ストックホルム・シンドローム
「りんごを切ったんだ。僕が食べさせてあげるよ」
皿の上に盛ったりんごの切れ端を掴み、沙奈の口の中へと運ぶ。
沙奈の唇が時たま僕の指先に触れて、温かさを感じずにはいられなかった。
…沙奈の唾がついた指先を、少しだけ、舐めてみる。
…どんな高級な食べ物よりも美味しい、沙奈の味がした。
「…美味しい?」
「…うん」
「そう。
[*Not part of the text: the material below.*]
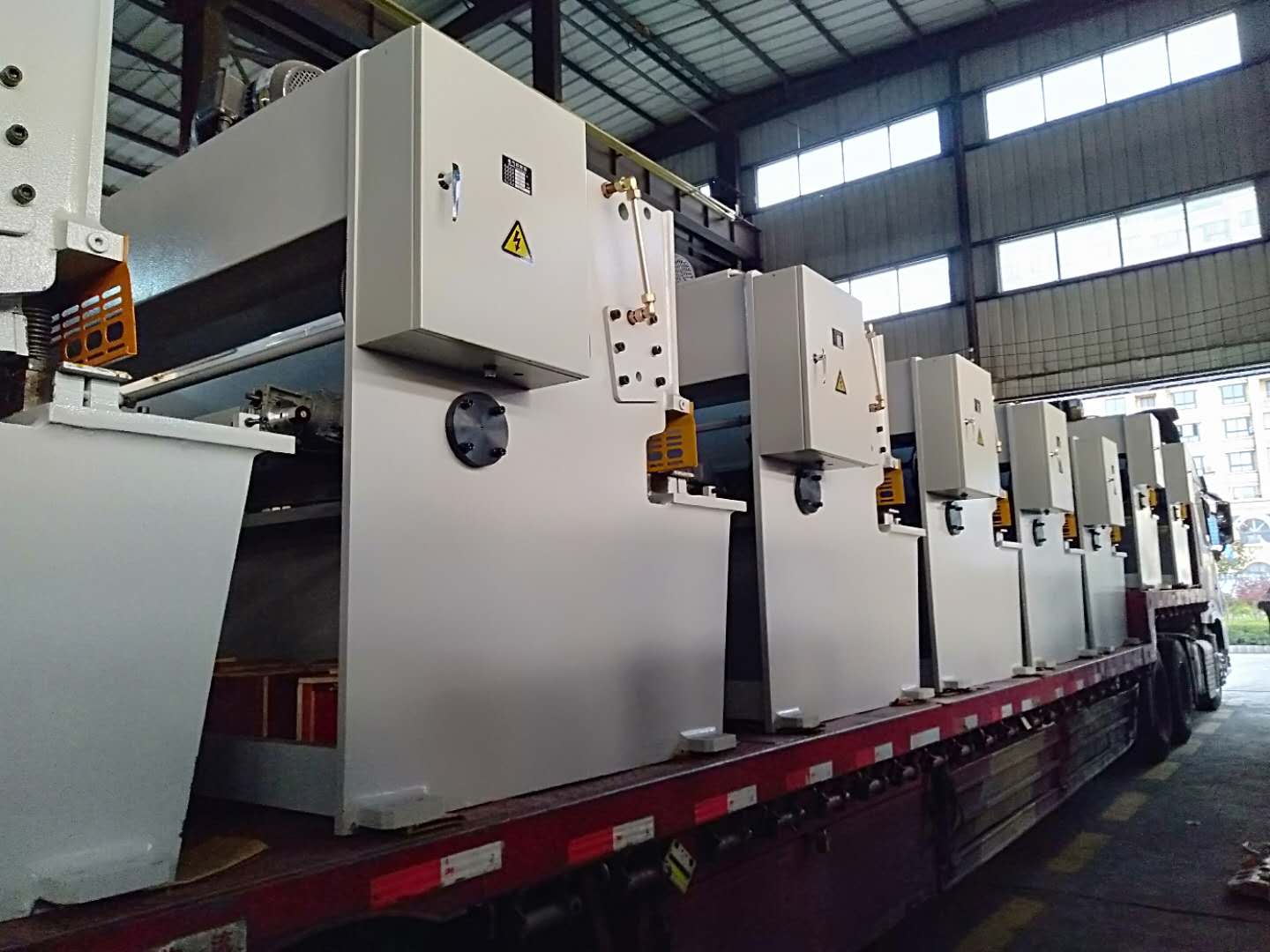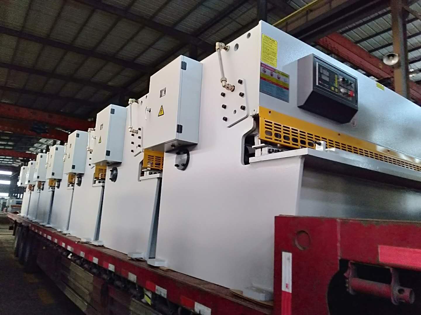整齊的一排液壓擺式剪板機,共計10臺

沙奈はりんごが好きなんだ。僕も大好きなんだよ」
沙奈の口元が、ぎこちなく、ほんの少しだけ、弓なりに弧を描く。
「…大好きだよ。沙奈も」
抱き締めると感じる沙奈の鼓動は、日を追うにつれ、速くなる。
それは僕の鼓動と共鳴し、心地の良いリズムを刻んでいった。
…ゆるやかに流れていく沙奈との時間が、僕にとっては最愛の時なのだから。
沙奈にキスをし、舌を絡ませる――。
幸せな日々が、続いた。
けれどある日。
沙奈が言った。
「…あなたは、
どうして私を監禁したの?」と。